┌──

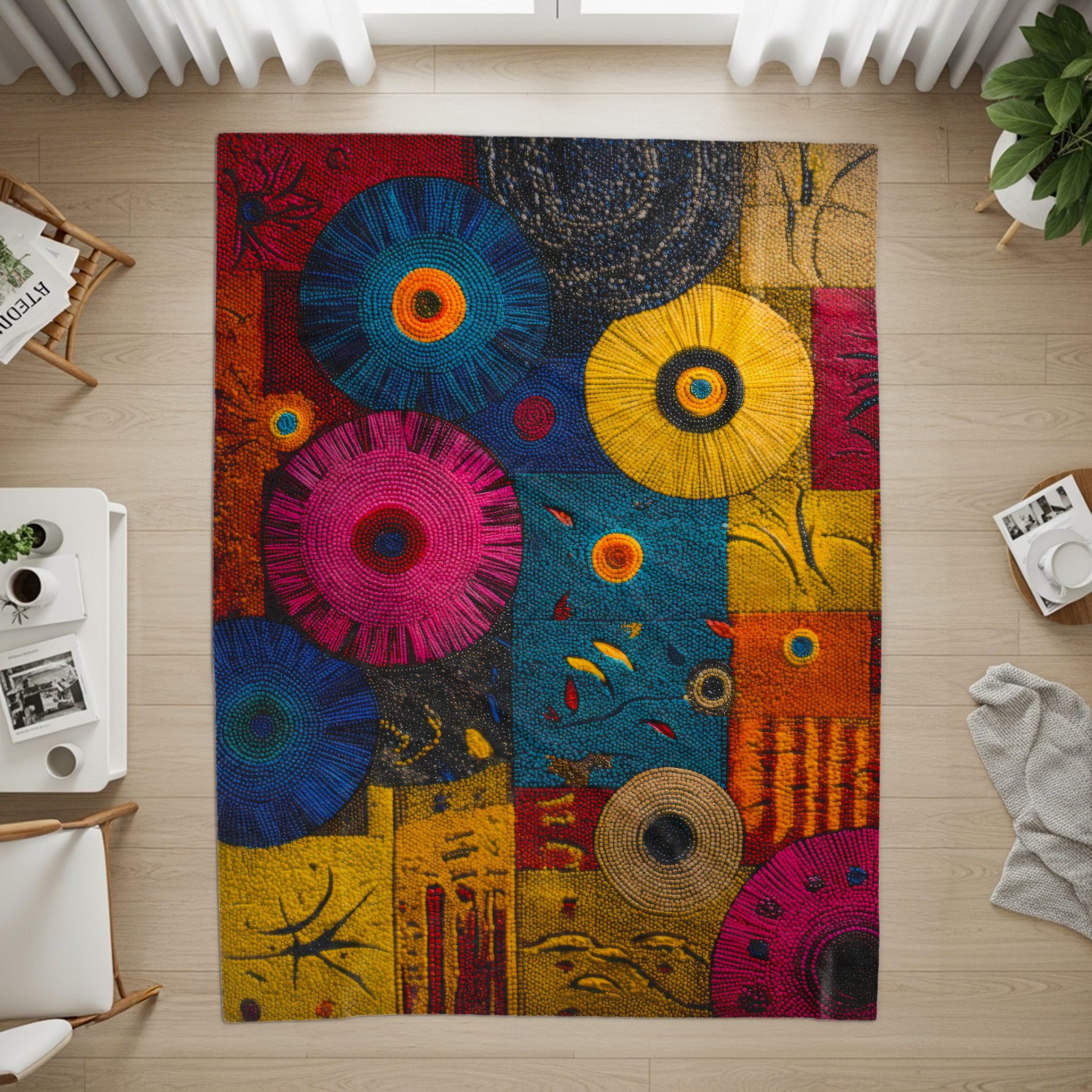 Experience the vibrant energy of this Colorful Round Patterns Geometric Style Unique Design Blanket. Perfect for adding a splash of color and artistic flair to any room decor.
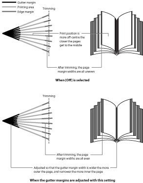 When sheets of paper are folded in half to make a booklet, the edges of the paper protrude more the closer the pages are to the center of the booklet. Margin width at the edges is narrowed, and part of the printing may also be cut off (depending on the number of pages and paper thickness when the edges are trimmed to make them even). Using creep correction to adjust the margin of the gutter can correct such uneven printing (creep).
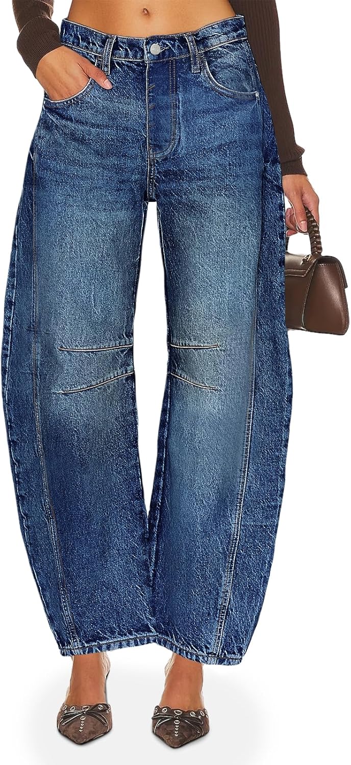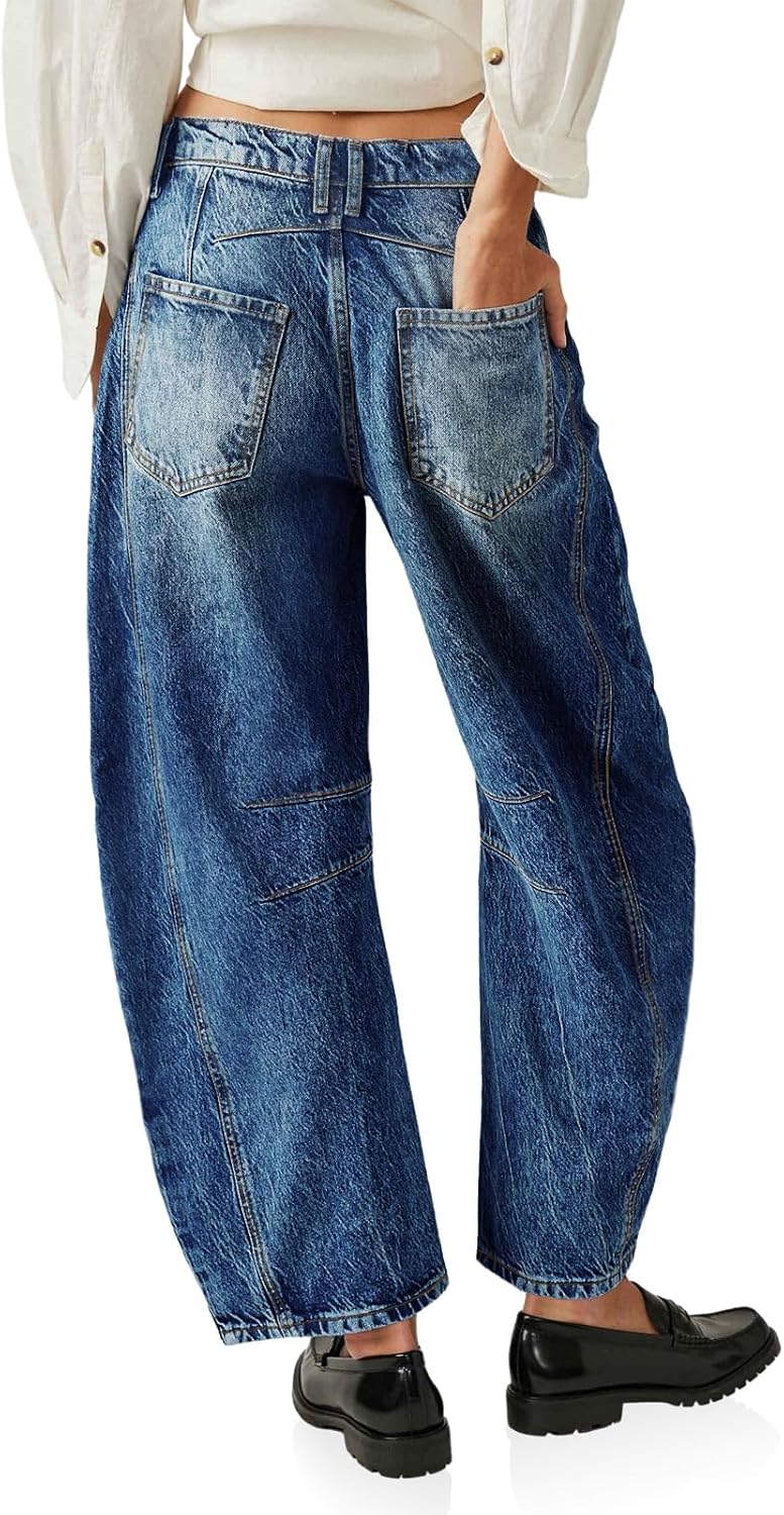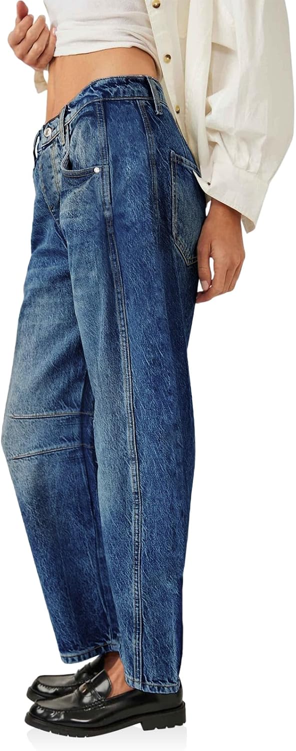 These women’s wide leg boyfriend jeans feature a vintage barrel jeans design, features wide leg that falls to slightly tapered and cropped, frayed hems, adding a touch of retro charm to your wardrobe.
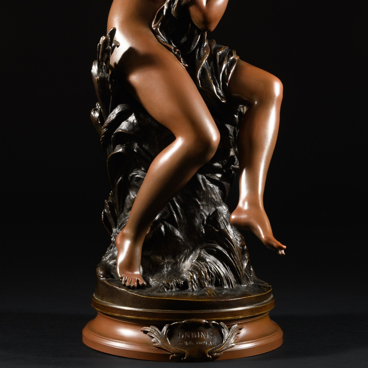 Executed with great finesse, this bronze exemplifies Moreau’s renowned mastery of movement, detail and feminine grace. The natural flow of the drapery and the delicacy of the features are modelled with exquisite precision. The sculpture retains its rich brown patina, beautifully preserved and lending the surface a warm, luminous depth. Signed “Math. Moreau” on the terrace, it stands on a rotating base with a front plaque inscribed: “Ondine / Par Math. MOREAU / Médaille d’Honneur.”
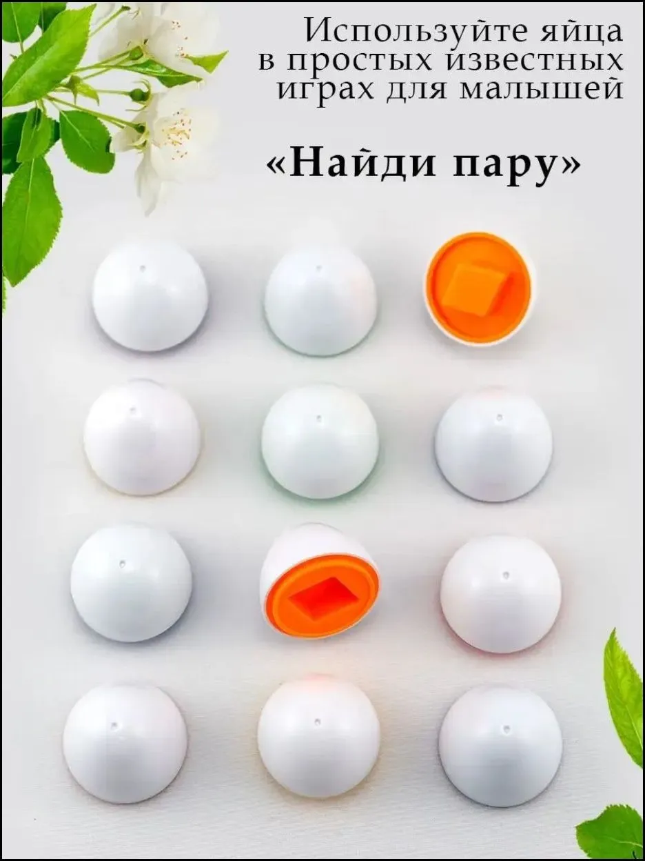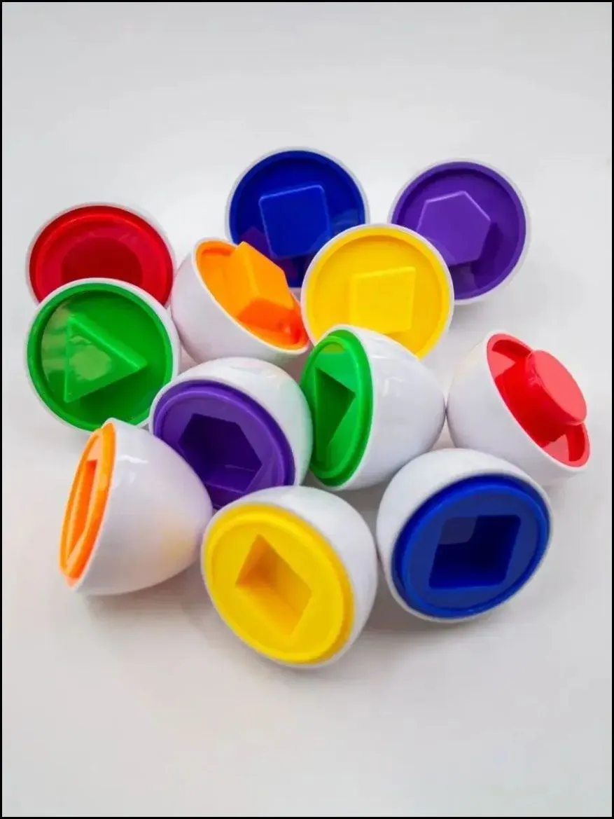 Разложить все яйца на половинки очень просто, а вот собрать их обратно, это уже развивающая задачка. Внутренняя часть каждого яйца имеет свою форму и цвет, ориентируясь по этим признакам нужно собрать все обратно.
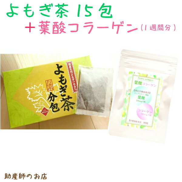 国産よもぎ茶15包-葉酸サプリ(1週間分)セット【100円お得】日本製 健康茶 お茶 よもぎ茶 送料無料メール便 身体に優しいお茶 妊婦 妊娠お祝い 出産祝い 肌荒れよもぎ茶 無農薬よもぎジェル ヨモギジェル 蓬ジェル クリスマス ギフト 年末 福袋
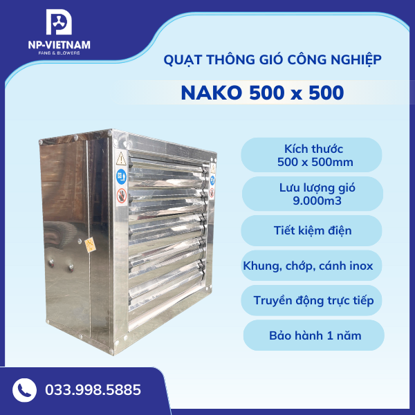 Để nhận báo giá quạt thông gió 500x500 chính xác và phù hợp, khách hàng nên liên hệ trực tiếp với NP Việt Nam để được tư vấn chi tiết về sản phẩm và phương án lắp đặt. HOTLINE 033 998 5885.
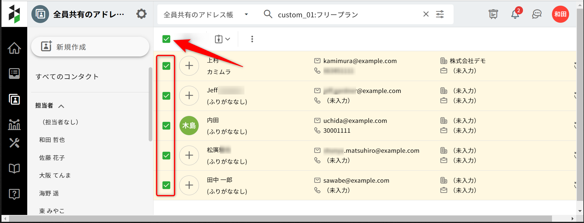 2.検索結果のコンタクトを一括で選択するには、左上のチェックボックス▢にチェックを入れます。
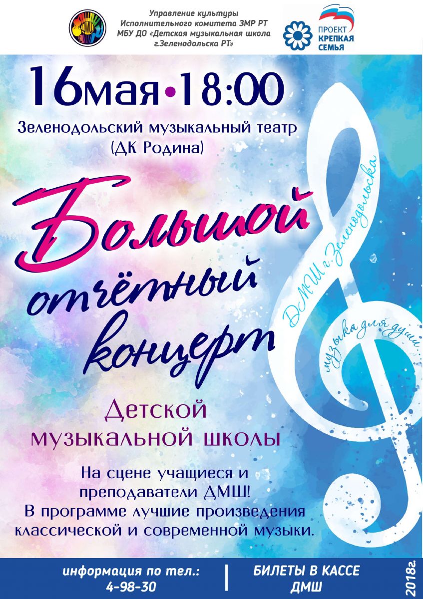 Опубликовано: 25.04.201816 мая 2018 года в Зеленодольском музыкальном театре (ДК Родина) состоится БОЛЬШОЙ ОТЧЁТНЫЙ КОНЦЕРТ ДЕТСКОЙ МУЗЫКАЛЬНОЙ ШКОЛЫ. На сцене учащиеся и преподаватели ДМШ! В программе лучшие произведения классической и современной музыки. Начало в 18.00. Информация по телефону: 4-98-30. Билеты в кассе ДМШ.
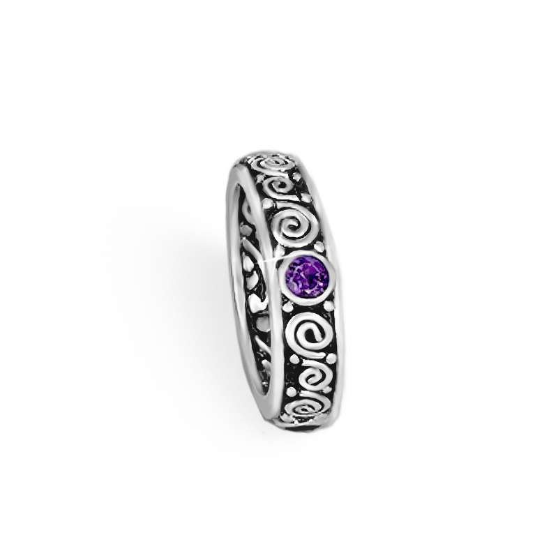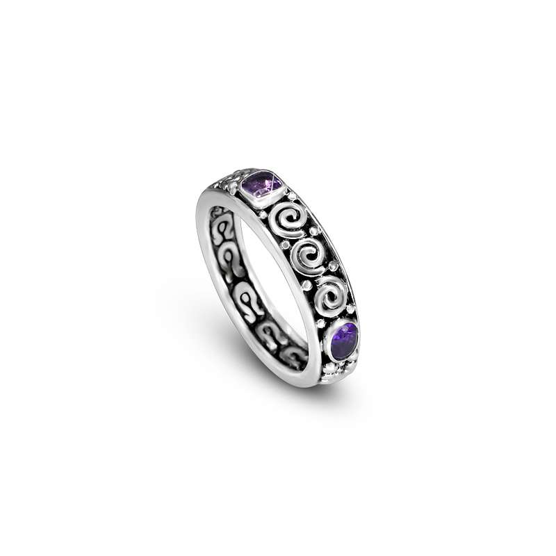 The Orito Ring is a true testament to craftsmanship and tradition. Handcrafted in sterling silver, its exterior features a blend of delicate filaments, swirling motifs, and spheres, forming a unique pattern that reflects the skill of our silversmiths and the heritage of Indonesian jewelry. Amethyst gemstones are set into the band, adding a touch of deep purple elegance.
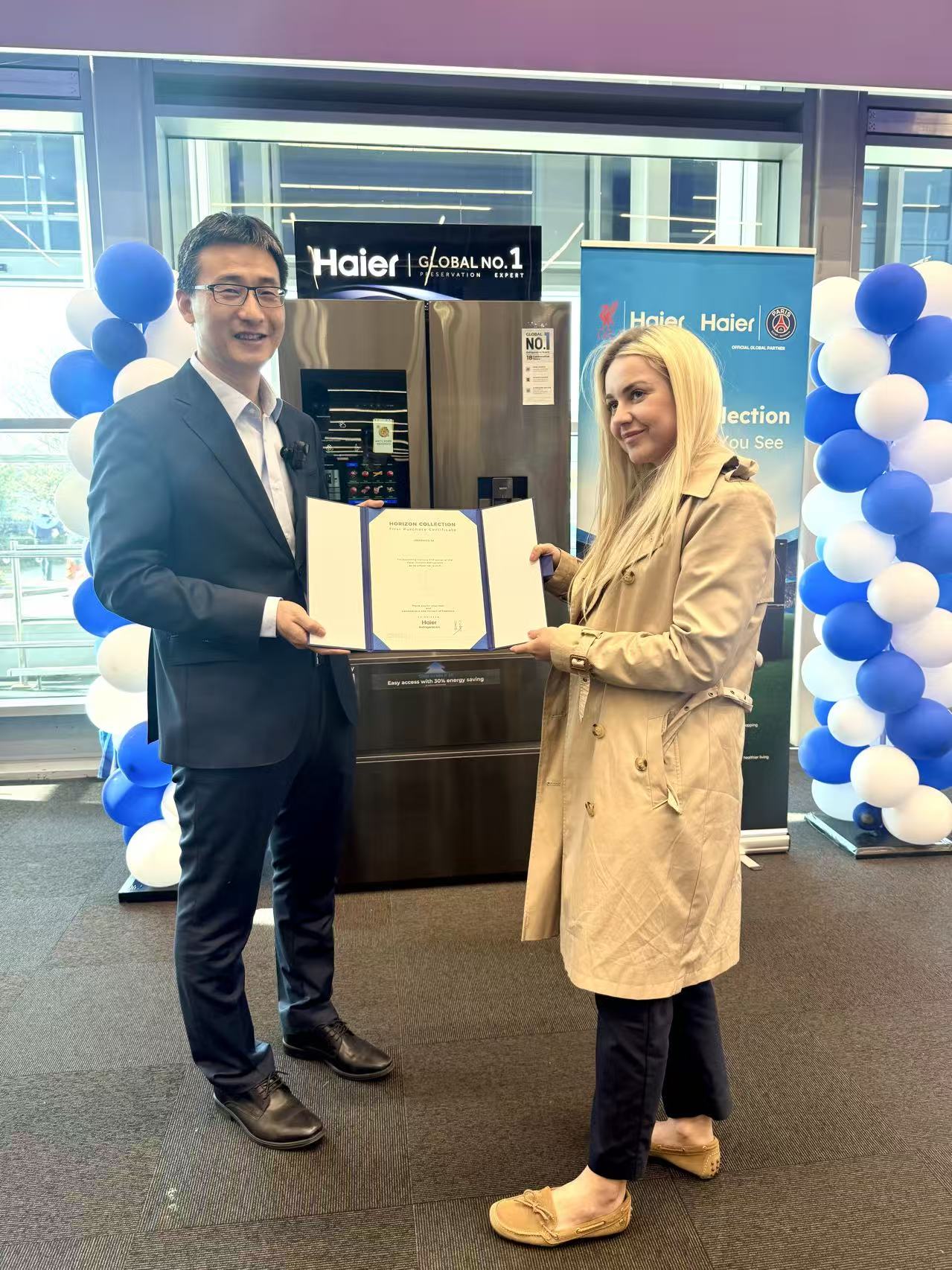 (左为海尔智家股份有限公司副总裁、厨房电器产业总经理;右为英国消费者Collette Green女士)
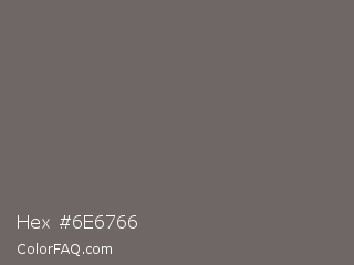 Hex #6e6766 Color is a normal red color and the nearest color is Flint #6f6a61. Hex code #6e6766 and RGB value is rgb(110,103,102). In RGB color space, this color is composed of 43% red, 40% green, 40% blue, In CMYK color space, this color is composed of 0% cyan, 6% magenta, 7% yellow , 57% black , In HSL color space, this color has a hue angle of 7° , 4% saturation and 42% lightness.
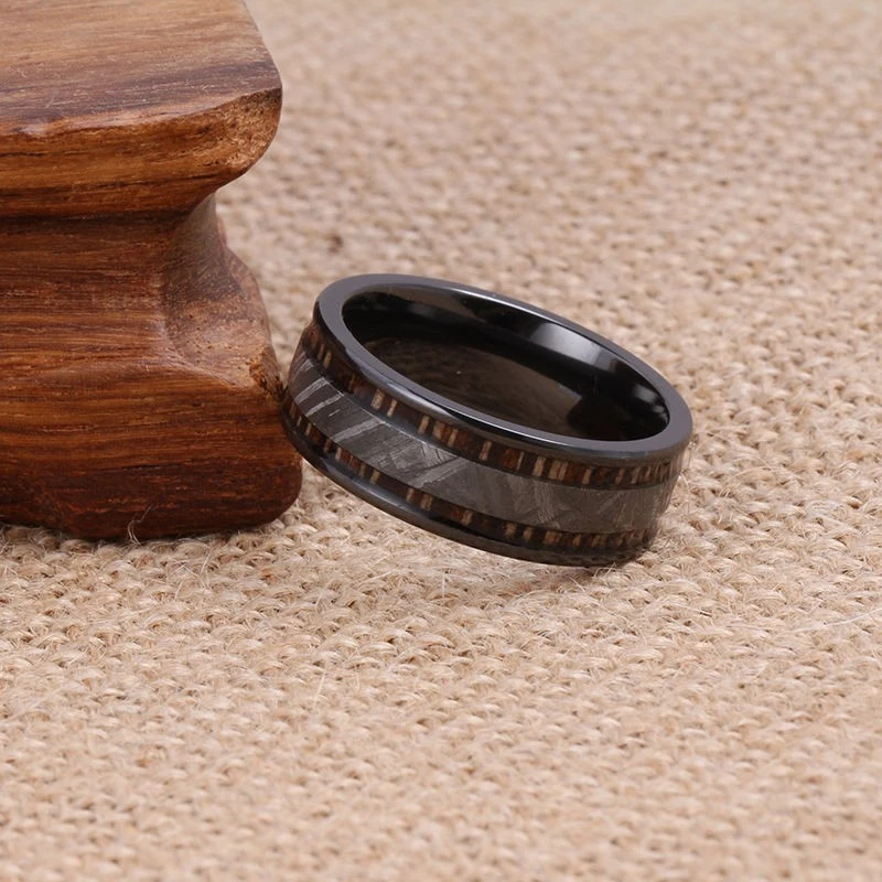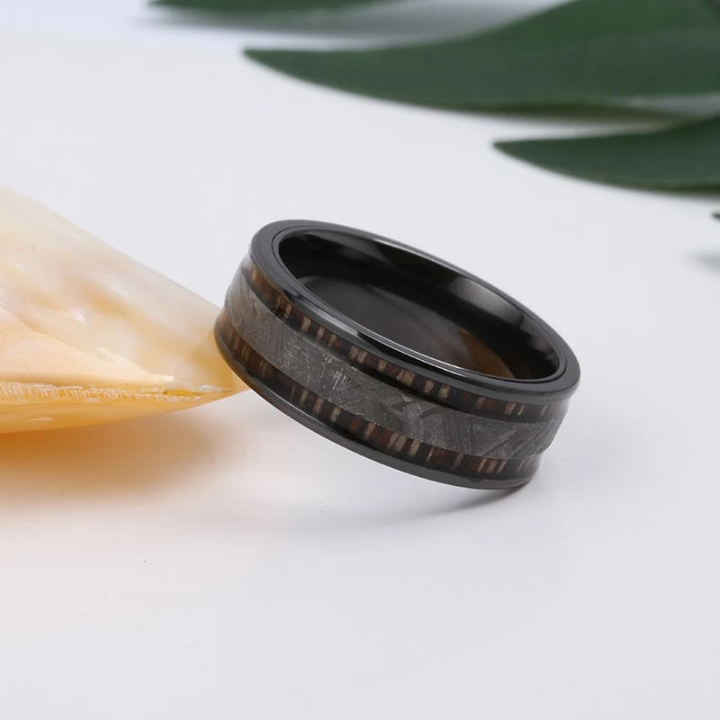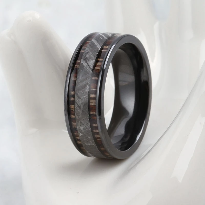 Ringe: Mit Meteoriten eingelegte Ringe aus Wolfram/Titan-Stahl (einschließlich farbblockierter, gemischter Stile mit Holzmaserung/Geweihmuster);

└──

Exercise — What you return must match the data above exactly, with no images included.

Expected answer —
 Experience the vibrant energy of this Colorful Round Patterns Geometric Style Unique Design Blanket. Perfect for adding a splash of color and artistic flair to any room decor.
 When sheets of paper are folded in half to make a booklet, the edges of the paper protrude more the closer the pages are to the center of the booklet. Margin width at the edges is narrowed, and part of the printing may also be cut off (depending on the number of pages and paper thickness when the edges are trimmed to make them even). Using creep correction to adjust the margin of the gutter can correct such uneven printing (creep).
 These women’s wide leg boyfriend jeans feature a vintage barrel jeans design, features wide leg that falls to slightly tapered and cropped, frayed hems, adding a touch of retro charm to your wardrobe.
 Executed with great finesse, this bronze exemplifies Moreau’s renowned mastery of movement, detail and feminine grace. The natural flow of the drapery and the delicacy of the features are modelled with exquisite precision. The sculpture retains its rich brown patina, beautifully preserved and lending the surface a warm, luminous depth. Signed “Math. Moreau” on the terrace, it stands on a rotating base with a front plaque inscribed: “Ondine / Par Math. MOREAU / Médaille d’Honneur.”
 Разложить все яйца на половинки очень просто, а вот собрать их обратно, это уже развивающая задачка. Внутренняя часть каждого яйца имеет свою форму и цвет, ориентируясь по этим признакам нужно собрать все обратно.
 国産よもぎ茶15包-葉酸サプリ(1週間分)セット【100円お得】日本製 健康茶 お茶 よもぎ茶 送料無料メール便 身体に優しいお茶 妊婦 妊娠お祝い 出産祝い 肌荒れよもぎ茶 無農薬よもぎジェル ヨモギジェル 蓬ジェル クリスマス ギフト 年末 福袋
 Để nhận báo giá quạt thông gió 500x500 chính xác và phù hợp, khách hàng nên liên hệ trực tiếp với NP Việt Nam để được tư vấn chi tiết về sản phẩm và phương án lắp đặt. HOTLINE 033 998 5885.
 2.検索結果のコンタクトを一括で選択するには、左上のチェックボックス▢にチェックを入れます。
 Опубликовано: 25.04.201816 мая 2018 года в Зеленодольском музыкальном театре (ДК Родина) состоится БОЛЬШОЙ ОТЧЁТНЫЙ КОНЦЕРТ ДЕТСКОЙ МУЗЫКАЛЬНОЙ ШКОЛЫ. На сцене учащиеся и преподаватели ДМШ! В программе лучшие произведения классической и современной музыки. Начало в 18.00. Информация по телефону: 4-98-30. Билеты в кассе ДМШ.
 The Orito Ring is a true testament to craftsmanship and tradition. Handcrafted in sterling silver, its exterior features a blend of delicate filaments, swirling motifs, and spheres, forming a unique pattern that reflects the skill of our silversmiths and the heritage of Indonesian jewelry. Amethyst gemstones are set into the band, adding a touch of deep purple elegance.
 (左为海尔智家股份有限公司副总裁、厨房电器产业总经理;右为英国消费者Collette Green女士)
 Hex #6e6766 Color is a normal red color and the nearest color is Flint #6f6a61. Hex code #6e6766 and RGB value is rgb(110,103,102). In RGB color space, this color is composed of 43% red, 40% green, 40% blue, In CMYK color space, this color is composed of 0% cyan, 6% magenta, 7% yellow , 57% black , In HSL color space, this color has a hue angle of 7° , 4% saturation and 42% lightness.
 Ringe: Mit Meteoriten eingelegte Ringe aus Wolfram/Titan-Stahl (einschließlich farbblockierter, gemischter Stile mit Holzmaserung/Geweihmuster);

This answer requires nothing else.